Gambaran itu, adalah hari kepulangan nenekku kembali ke Indonesia, setelah lama bekerja di Madinah selama 10 tahun. Aku baru mengenalnya di hari itu, dengan 3 kotak besar berisi coklat dan boneka dari Arab. Ini, Umi, nenek kamu, dulu terpaksa untuk ke Madinah agar kami semua bisa hidup, ada suara lain di situ. Suara ibuku. Hanya saja segalnaya samar, dan hanya tersisa Umi yang menari bersamaku dulu, di ruang tengah rumah kakek. Setelahnya kabur. “Kelak kamu menjadi ulama, nak, seperti buyutmu”. Setelahnya hilang.

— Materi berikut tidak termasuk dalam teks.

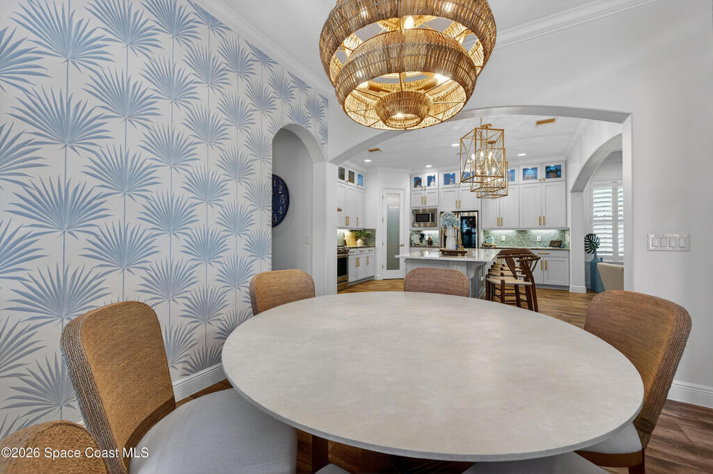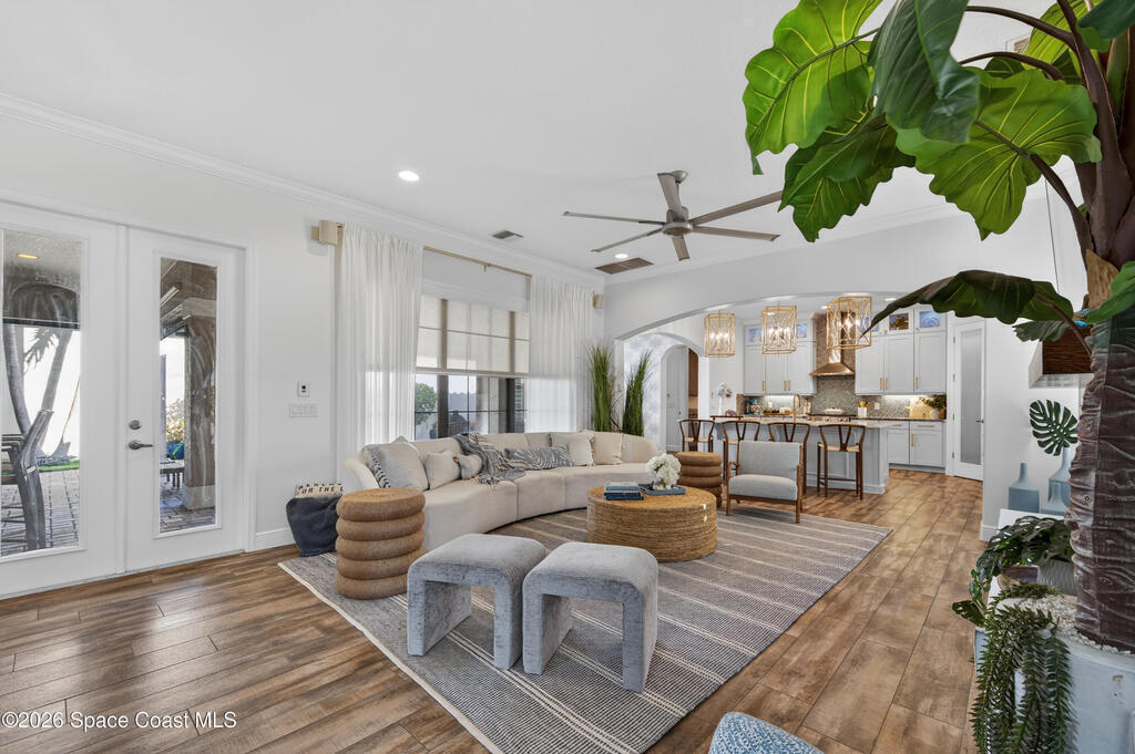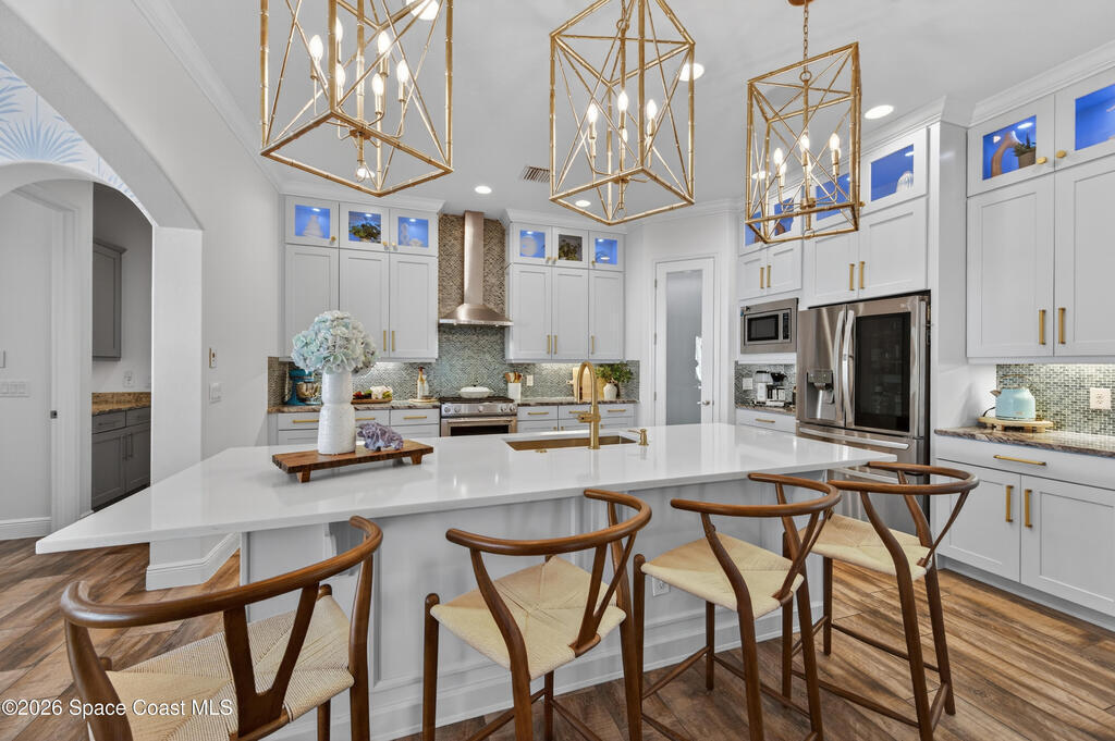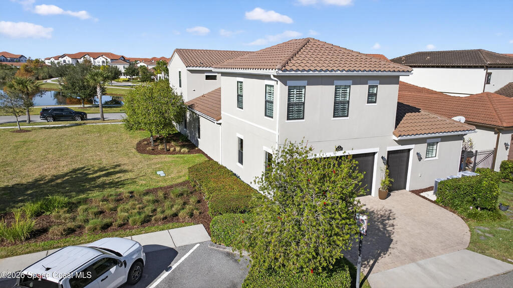 Exceptional luxury meets effortless Florida living in this beautifully appointed 4-bedroom, 4.5-bath residence with a bonus room, ideally located in the heart of Viera. Thoughtfully designed and professionally decorated in a timeless Serena & Lily-inspired style, this home offers high-end finishes, modern conveniences, and lake views, and is move-in ready with the option to be sold partially furnished.The gourmet kitchen features ceiling-height cabinetry and premium finishes, flowing seamlessly into spacious living areas enhanced by a whole-home speaker system and a striking fireplace. Hurricane-rated windows, plantation shutters throughout, and recent interior paint provide peace of mind and a fresh, turnkey feel.Indoor-outdoor living shines in the private courtyard, complete with remote screens, a fully equipped summer kitchen, and a built-in fire pit perfect for entertaining or relaxing year-round. In addition to the 2 car garage, there is a golf cart garage as well.

Semuanya, pelan-pelan terang. Cahaya masuk dari jendela kos. Jendela itu? Benar-benar pecah?. Apa benar semalam aku bermimpi?, sementara di depan rak bukuku, seorang perempuan sedang menyisir rambut, dengan tubuh telanjang.  “Kamu kenapa lagi?”. Elisia, pacarku, sedang membuka catatan harian Seneca. “Dunia tertidur dan orang-orang sedang bermimpi. Tapi esok, ketika subuh tiba, kita bisa membuat mimpi kita menjadi kenyataan” ia membaca pelan-pelan kalimat itu. Ia memejamkan kedua mataku dengan tangannya, mencium bibirku, dan menidurkanku kembali di atas bantal sialan itu. Aku ingin menolaknya, dan berkata semalam tragis aku ditelan bantal sialan ini. Tetapi terlanjur aku tenggelam dalam birahi ini, dan kembali mati di alam mimpi.